(DATA)

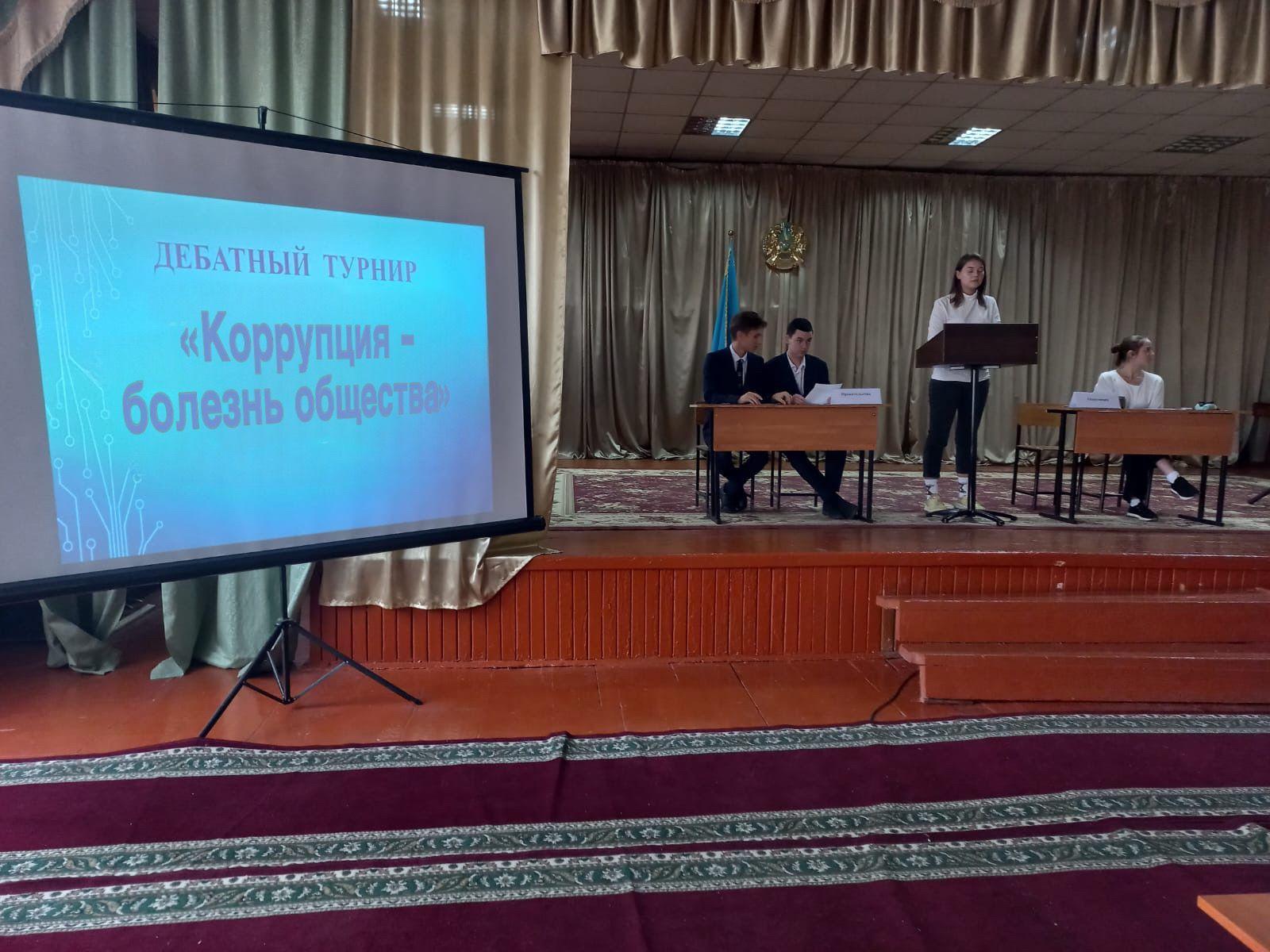 На основании плана мероприятий на зимние каникулы, в КГУ ОШ № 50 учителем истории, руководителем дебатного клуба «ALASH» Шаймұрат Е.О. проведен дебатный турнир между учащимися 10-11 классов на тему: «Коррупция — болезнь общества».
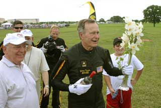 "It's been a great day," Bush said after sailing to the ground, landing and scooting a ways on his backside. "This was a day of joy and a day of wonder for the Bush family, certainly for the old guy."
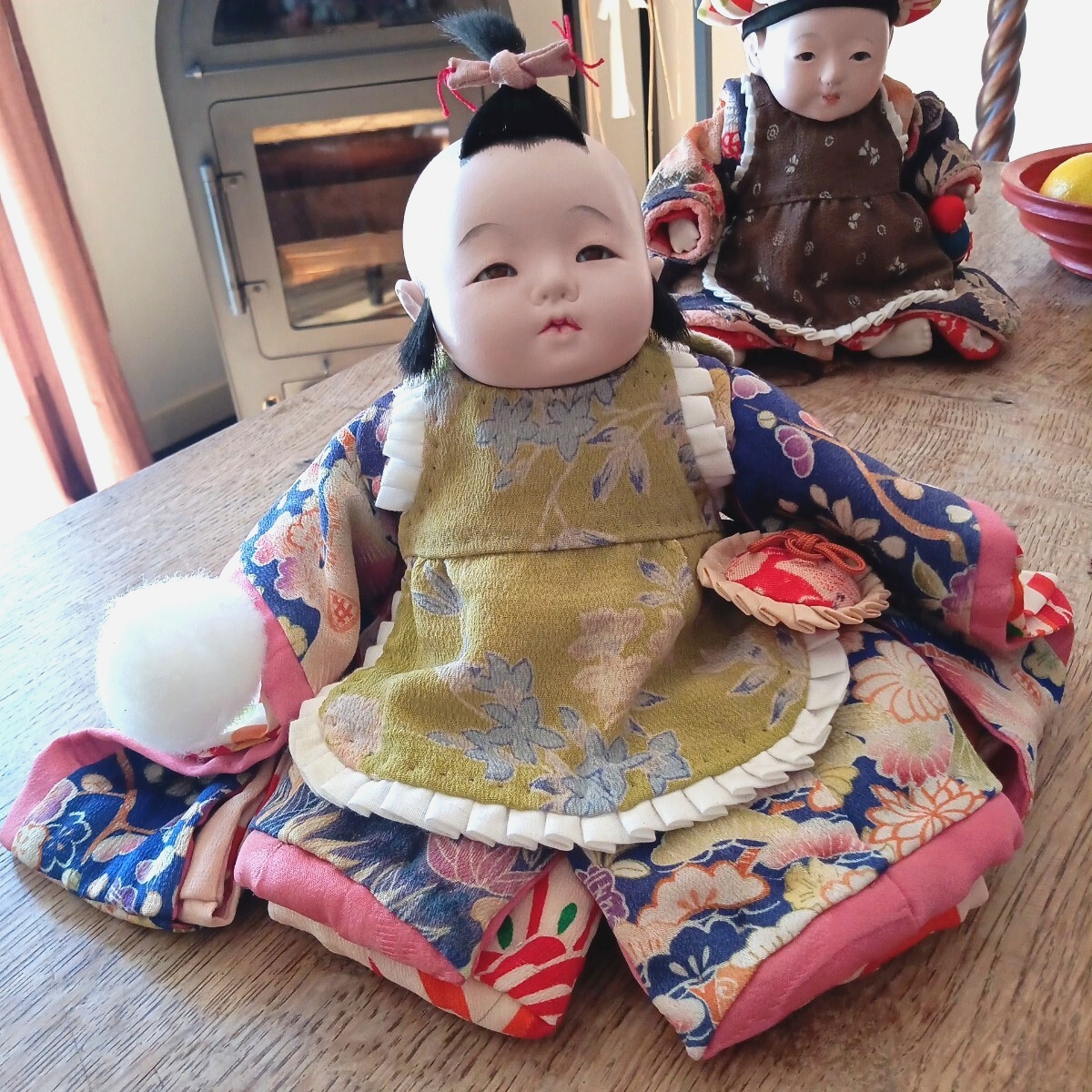 家にあった着物(購入したもの。気に入っていました。古い生地を使い丁寧に作られています)を着せ、エプロンや、提げ物(難避け桃と、巾着)、綿あめを作って身につけさせました。
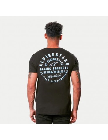 Camiseta ALPINESTARS Capped Tee negro. Camiseta de manga corta, 100% algodón peinado con gráfico de señalización vintage en la espalda y el pecho, Capped by Alpinestars.
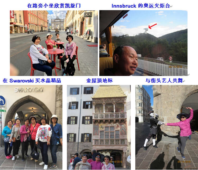 5-14-2018,昨晚夜宿奥地利 茵斯布鲁克 Innsbruck, 是1964及1972的冬季奥运举办地。这里风景优美,有金屋顶地标,有奥运火炬塔,有凯旋门,还有 Swarovski 的总部,我们在此闲逛欣赏美景,在Swarovski shopping, 还和当地的街头艺人闹成一片,十分懈意。

(End DATA)

WHAT YOU WILL DO —
All that is needed here is the run of lines from the one containing "been a great" through the end of the material above, reproduced exactly and without pictures.

SOLUTION TO THE PROBLEM —
 "It's been a great day," Bush said after sailing to the ground, landing and scooting a ways on his backside. "This was a day of joy and a day of wonder for the Bush family, certainly for the old guy."
 家にあった着物(購入したもの。気に入っていました。古い生地を使い丁寧に作られています)を着せ、エプロンや、提げ物(難避け桃と、巾着)、綿あめを作って身につけさせました。
 Camiseta ALPINESTARS Capped Tee negro. Camiseta de manga corta, 100% algodón peinado con gráfico de señalización vintage en la espalda y el pecho, Capped by Alpinestars.
 5-14-2018,昨晚夜宿奥地利 茵斯布鲁克 Innsbruck, 是1964及1972的冬季奥运举办地。这里风景优美,有金屋顶地标,有奥运火炬塔,有凯旋门,还有 Swarovski 的总部,我们在此闲逛欣赏美景,在Swarovski shopping, 还和当地的街头艺人闹成一片,十分懈意。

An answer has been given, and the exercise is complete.